又是黑夜,圣杯戰爭主要還是在黑夜中展開的,因此玩家他們的調查也是在黑夜,雖然玩家已經知道了雷電將軍就在操控蟲子的間桐家,但他并不清楚間桐家的具體所在。
想要過去的話,必須先找遠坂凜或者衛宮士郎。
但是玩家并不打算現在就去。
他想再去一趟柳洞寺。
“如果神子她們在那里留下了什么,而我卻不去的話,未免太浪費了。”
嘴上是這樣說著,可玩家心里卻清楚。
不是她們可能在那里留下了什么,而是玩家希望她們留下了什么。
雖然說被召喚來的從者都是分神,并不會影響到本體,但玩家卻還是將他們看作了獨立的存在,死亡是很可怕的事情,即使是分神也一樣。

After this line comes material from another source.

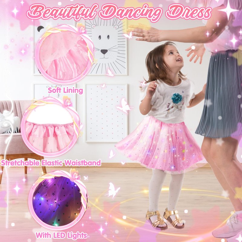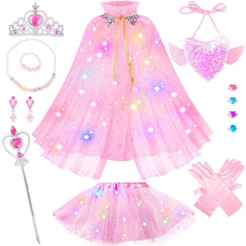 - Enchanting Light-Up Princess Dress Turns Your Girl's Dreams into Reality --- Surelect toddler princess dress-up cape and tutu skirt feature shimmering sequins that sparkle with every twirl, enhancing her charm. Detachable LED light strings offer three lighting modes, allowing little girls to shine brightly at night and create a magical atmosphere. Transform playtime into an enchanting adventure where every girl feels like a true princess. (Warm Tip: An extra LED light is included as a backup)

玩家回想起自己用煙緋馬甲死去的瞬間,那種恐慌感至今也難以消退。
他在前一個世界同意其他人前往,同意其他人保護,又何嘗不是一種出于恐懼的退縮呢
玩家知道自己可以復活,但他還是畏懼死亡,恐懼著,膽小著,此刻能選擇出來已經是他最大的勇氣了。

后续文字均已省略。